My Secret Identity is a television series starring Jerry O'Connell and Derek McGrath that originally aired on CTV. It premiered on October 9, 1988, and ended on May 25, 1991, with a total of 72 episodes over the course of 3 seasons.

==Series overview==

| Season | Episodes |  | Originally released |  |
| First released | Last released |
| 1 | 24 |  | October 9, 1988 | June 3, 1989 |
| 2 | 24 |  | October 7, 1989 | June 2, 1990 |
| 3 | 24 |  | September 29, 1990 | May 25, 1991 |

==Episodes==
===Season 1 (1988–89)===

| No. overall | No. in season | Title | Directed by | Written by | Original release date |
| 1 | 1 | "Pilot" | Don McBrearty | Brian Levant & Fred Fox, Jr. | October 9, 1988 |
Andrew accidentally stumbles onto Dr. J's photon beam, which inadvertently gifts him with super powers. Andrew also develops a crush on a wary girl (Alyson Court) who just moved in across the street.
| 2 | 2 | "A Walk on the Wild Side" | Bill Corcoran | David Cole | October 16, 1988 |
The key component for Dr. J's latest invention is stolen by a group of wayward children. Andrew goes undercover and fakes loyalty to the gang in an attempt to recover the device, only to run into trouble when he meets the mastermind and leader of the gang, Rock (David Hewlett) who doesn't take too kindly to Andrew.
| 3 | 3 | "Only Trying to Help" | Al Waxman | Eric Weinthal | October 23, 1988 |
Stephanie reads about "Ultraman's" adventures in Andrew's diary, and enlists a psychiatrist to try to help Andrew.
| 4 | 4 | "The Track Star" | Robert Iscove | Eric Weinthal | October 30, 1988 |
Andrew uses his super speed to land himself a spot on the school track team, much to Dr. J's dismay.
| 5 | 5 | "Memories" | Al Waxman | Eric Weinthal | November 6, 1988 |
Dr. J's old but beautiful friend Susan comes to town, and agrees to go on a date with him. Andrew secretly tags along to help Dr. J get through the date.
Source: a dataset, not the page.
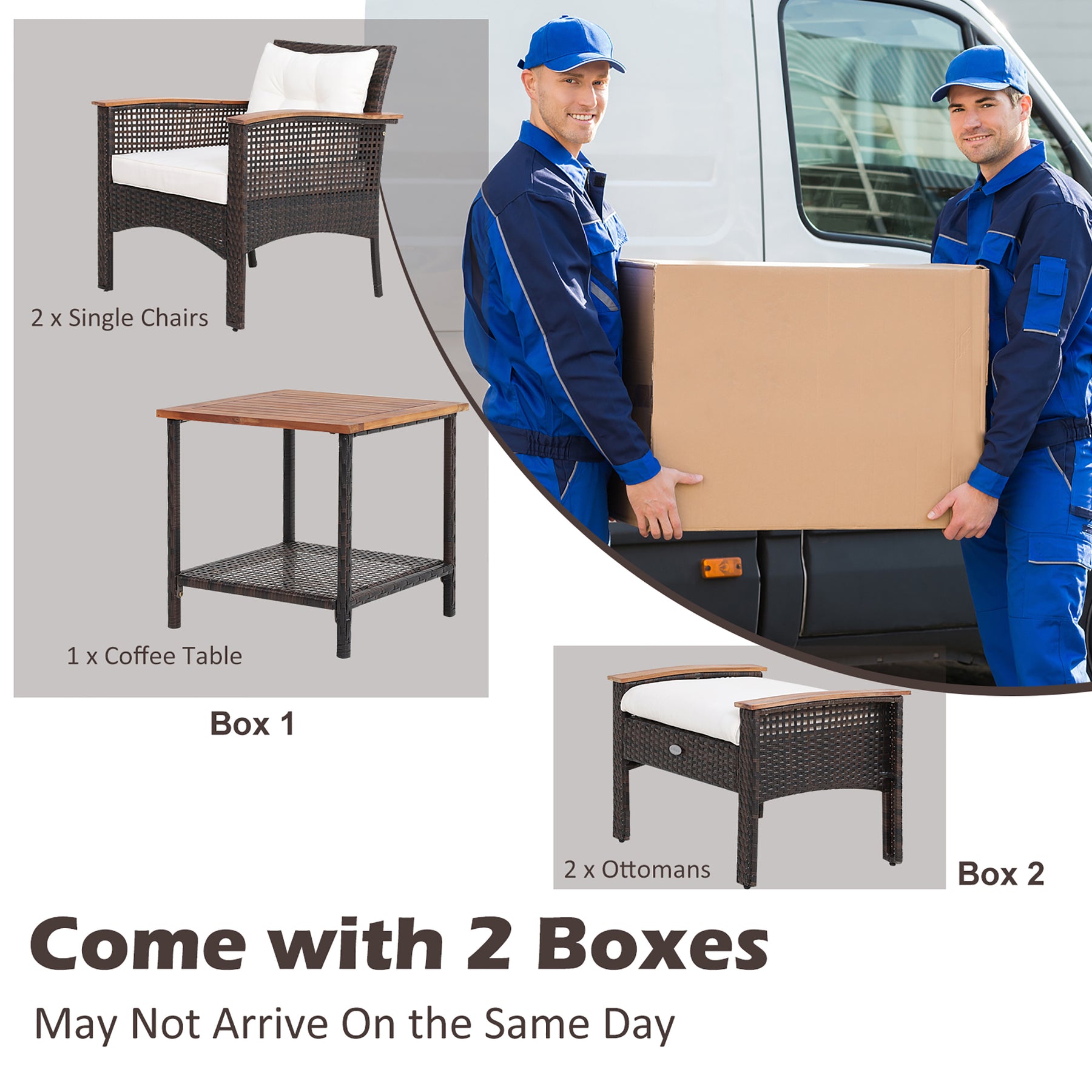 ● Shipped in 2 Boxes: This 5-piece patio furniture set comes with 2 boxes that may not arrive on the same day. The first box includes 1 table with the dimension of 20" x 20" x 20" (L x W x H) 2 single chairs with the dimension of 29.5" x 29" x 31.5" (L x W x H) 2 back cushions 2 seat cushions an all screws. The second box includes 2 ottomans with the dimension of 19" x 29" x 19" (L x W x H) and 2 ottoman cushions.

| 6 | 6 | "You've Got a Friend" | Don McCutcheon | Michael P. Williams | November 13, 1988 |
Andrew meets Fred Cooper, the former actor of comic book legend Captain Noble. However, since Fred is retired and incapable of performing stunts, Andrew begins to lose his faith in the old man.
| 7 | 7 | "For Old Time's Sake" | Al Waxman | Martin Mobley | November 20, 1988 |
A spy, posing as a friend of Dr. J's attempts to steal information on his latest invention via espionage.
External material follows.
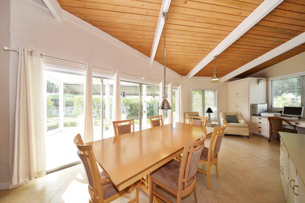 ''The Geckoes" is a mid-century modern architectural gem-one of the last remaining South Florida properties designed by Palm Beach architect Byron Simonson who also designed the Colony Hotel and the former La Coquille Club in Manalapan, and was a protege of Addison Mizner and Maurice Fatio. The Geckoes is less than 500' from the Intracoastal Waterway. The owners, the Lord and Lady of Wrentnall, have architecturally restored the interior (2012-2015)-keeping it as original as possible to the original blueprints which the owners have: built-ins, cabinets, vaulted cypress ceilings and commanding exposed beams. An open floor plan lends easy transition from the more formal living room area to long dining room, work/office area and a pleasantly functional open kitchen in keeping with the design.

| 8 | 8 | "The Lost Weekend" | Donald Shebib | Bill Murtagh | November 27, 1988 |
Dr. J reluctantly agrees to take Andrew and his friends on a camping trip. However, Andrew's friends don't enjoy having a nerd like Jeffcoate serving as their chaperone.
| 9 | 9 | "Forbidden Ground" | Bill Corcoran | Joe Chilco | December 4, 1988 |
Andrew neglects his responsibility to look after Erin, which leads to her getting trapped in a sewer drain while playing hide-and-seek.
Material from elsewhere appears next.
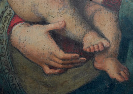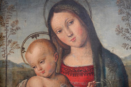 Pittore del XIX secolo, Madonna con il Bambino entro un paesaggio, olio su tavola, cm 42,5x28,3, entro cornice
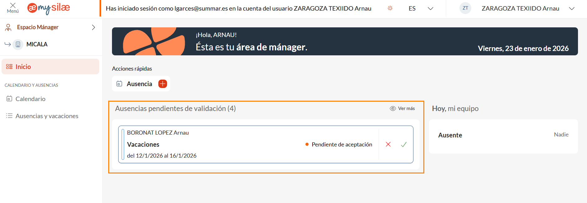 Desde este menú, el mánager dispone de un widget para validar o rechazar ausencias.

| 10 | 10 | "It Only Hurts for a Little While" | Harvey Frost | Eric Weinthal | December 11, 1988 |
Just after Andrew picks a fight with the school bully, he loses his super powers after being exposed to his dentist's x-ray machine. Andrew must then face up to the bully without his powers.
| 11 | 11 | "Grounded" | Al Waxman | Laura Phillips | December 18, 1988 |
Andrew nets himself a date, but is prohibited from leaving the house when Stephanie grounds him for fighting with Erin.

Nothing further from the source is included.